Some advocate using clean, undressed leather for a strop - as the ultra fine arkansas stone leaves a good enough edge. I still use a bit of honing compound on mine, as I believe I still get a better edge. This might not be true if you are stropping the edge by hand, I honestly don't know... I think it definitely calls for some experimentation on my part. In any case, I'll continue on with what I do know, and that is using the large flat leather wheel for honing all my flat and convex edges, slowly rotating the tool until the entire edge has been stropped:

That still leaves the inner, concave edges of the gouge left to be stropped. I use the optional shaped leather wheel, lightly coated with honing compound, to work just the cutting edge of the tool. In both these instances, I use very little angle to the strop - I don't want to round the edge over, which would dull the blade and defeat the purpose for which stropping is used for. Just strop enough to remove the burr formed while polishing the stone on the hard arkansas stone and to give the very edge a nice, shiny appearance.
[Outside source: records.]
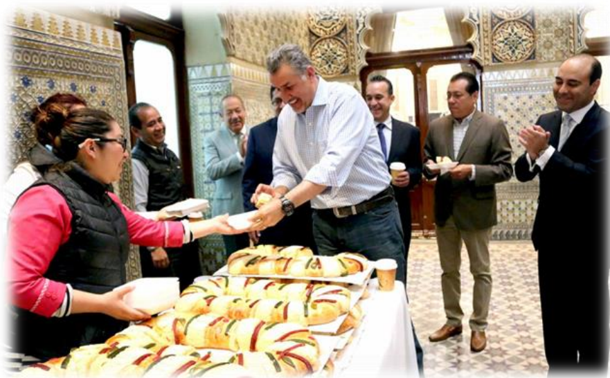
Rosca de Reyes del Congreso del Estado Enero 6
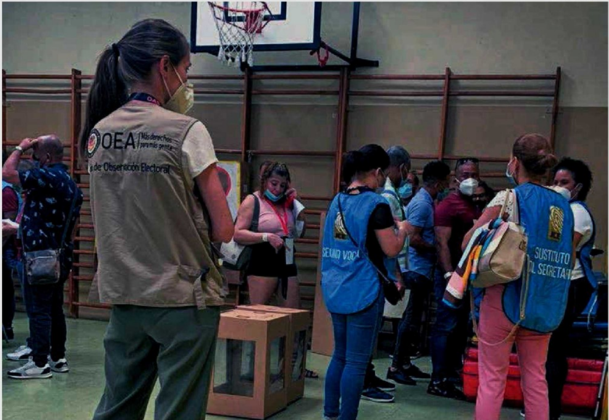
• VISITAS. Las misiones analizan la equidad, financiamiento, acceso a medios y participación, entre otros.
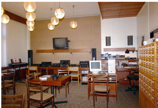
V poslechovém studiu hudební knihovny probíhají pravidelně pořady pro veřejnost

Klasické gramodesky je možno poslouchat přímo na místě spolu s tituly, které jsou vázány omezeními pro půjčování domů. Pro skupiny je možno dohodnout provedení hudebního pořadu na domluvené téma.
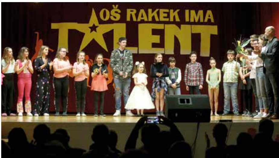
Rakovška šola krepi vrednote med učenci in zaposlenimi tudi z organizacijo različnih dobrodelnih dogodkov.

Božiček za en dan – za starejše. Pravi, da je število obdarjenih starostnikov vsako leto višje. V preteklem letu jih je bilo okoli 1000, predvideva, da bo letos to število krepko preseženo. »Kar precej prejemnikov je ravno iz Notranjske, saj je moja socialna mreža tu dobra in hitro dobim informacije,« pove. V decembru tudi pozove vse prijazne ljudi k projektu »Mala pozornost za veliko veselje«, pri katerem gre za dobre želje starostnikom po domovih in centrih za starejše. »Posamezniki pripravijo
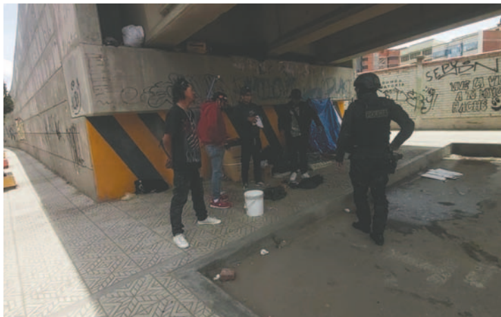
Agentes del GTS intervinieron en las peleas de cuatro bebedores frecuentes
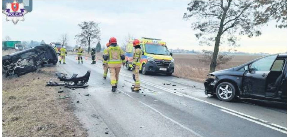
51-latka dostała mandat w wysokości 1500 złotych oraz 12 punktów karnych.
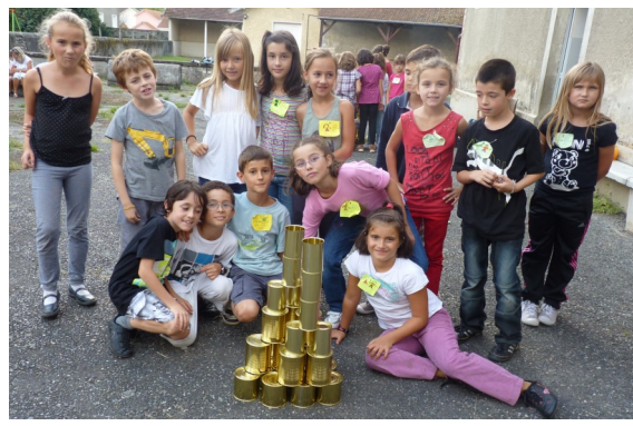
Messe des trois clochers : Chapelle de Rousse
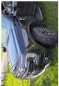
GV 886 XB (3)
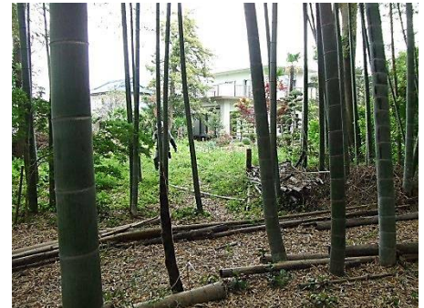
北西畑付近の整備
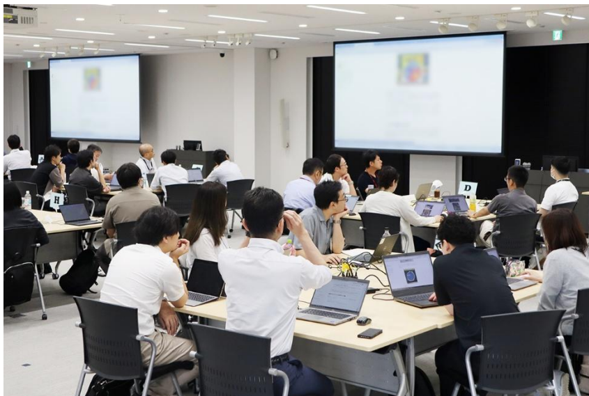
デジタル人財育成研修の様子

DXを牽引する組織として、社内DXコンサル機能とシステム開発体制を整備しています。また、デジタル人財育成プログラムを開発・運用しており、2024年末時点で1750人まで拡充したグローバルデジタル人財を、2026年末には2000人レベルにまで引き上げることを計画しています。
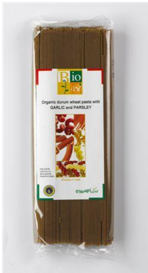
Capellini m' hvidløg & persille (nr. 90946)
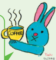
JOY! ソライロ 公式LINE

このうさぎは、地域活動支援センター「りんごの木」のメンバーさんのイラストから生まれたよ! (詳しくは公式LINEを見て下さいね)
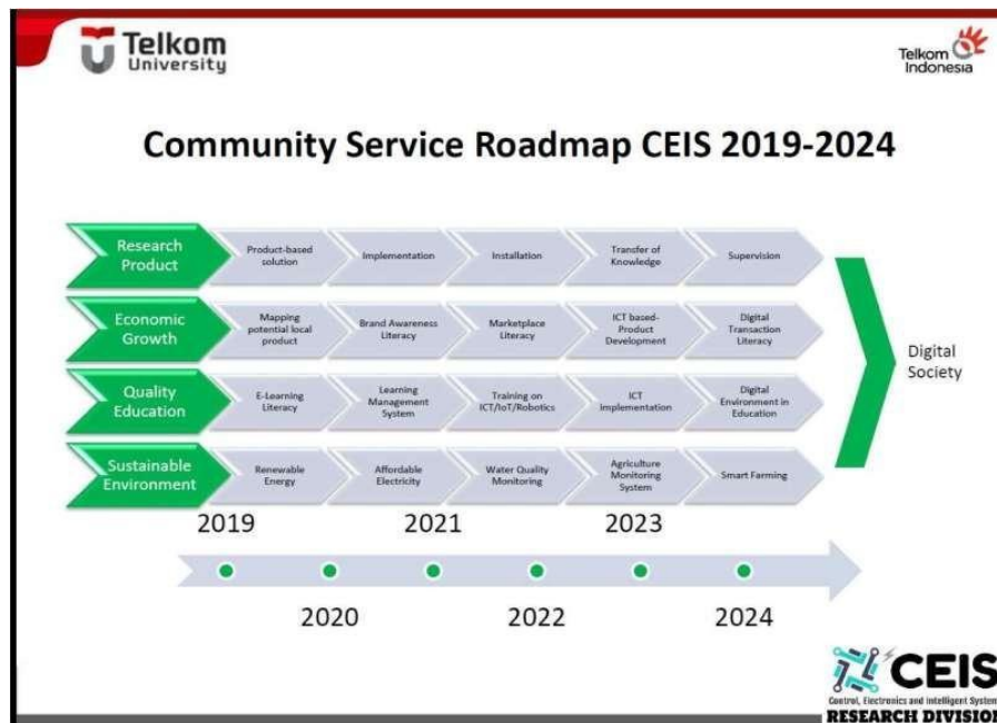
Gambar 7 Peta jalan pengabdian kepada masyarakat kelompok keahlian CEIS

Kegiatan pengabdian kepada masyarakat "Pengenalan Alat Ukur Kualitas Air untuk Pembelajaran Biologi di SMA Al Kautsar Labschool" telah dilaksanakan untuk memberikan dampak positif dalam jangka panjang, baik dalam aspek pendidikan maupun lingkungan. Potensi keberlanjutan proyek ini dan kesesuaiannya dengan peta jalan penelitian menjadi dua elemen penting yang harus dipertimbangkan untuk memastikan bahwa inisiatif ini dapat memberikan manfaat yang berkelanjutan dan relevan dengan arah perkembangan ilmu pengetahuan dan teknologi. Berikut adalah uraian mengenai potensi keberlanjutan dan kesesuaian proyek dengan peta jalan penelitian.

In reality, power stropping takes very little time. I probably spend all of about 5 to 10 seconds at most on each side of the edge. The final product shows just where I concentrate on stropping the edge:

Note the shiny part of the metal right at the very cutting edge. It's the only part I worry about stropping. All stropping really needs to do is remove the burr that was formed in the last step. Trying to do more than that can be counterproductive, and runs the additional risk of accidentally blunting the edge. There's no need, in my opinion, to do so anyway. All I am really concerned with is how it cuts.
- With repeated honings, the edge will become more blunt and eventually require touching up on a stone. Which stone will depend upon how dull the edge has gotten.
You can see that I've even left some of the grinder marks in the center of the bevel, at the bottom of the hollow grind left from the round wheel of the grinder. They don't hurt the performance of the tool any, and removing them just means I'm removing more steel - which in essence is simply shortening the life of the tool, no more.
Flipping the gouge over, you can see how I only strop the cutting edge of the concave part of the gouge:

It's very little - as I mentioned before, this length would be more if this was a carving tool, but since it isn't I decided to stay with the original edge, and not bevel it any further than I had to. A carving gouge is called on to be more universal in nature, and I all ready have some sharpened in that manner - a little diversity never hurts.
Testing the Cut
Here's where you can "test your metal" to see how well a job you've done. I take a piece of scrap wood, and run the gouge perpendicular to the grain. If I see results such as these, I know I haven't done my job well enough:

A sharp edge will slice through the wood cleanly, with a satisfying "hiss". I've tried to enhance the above photo a bit to better show the tear out left by a dull gouge - hopefully you can see where the gouge has crushed and tore the fiber on the right side of its cut. Seeing this would tell me the right side of the blade was still too dull, and I would go back to the ultra fine arkansas stone and start over from there.
The kind of cut you should be getting should look more like this:

Nice, even edges, and not a bit of tear out all the way from one side to the other. This gouge is ready to go to work.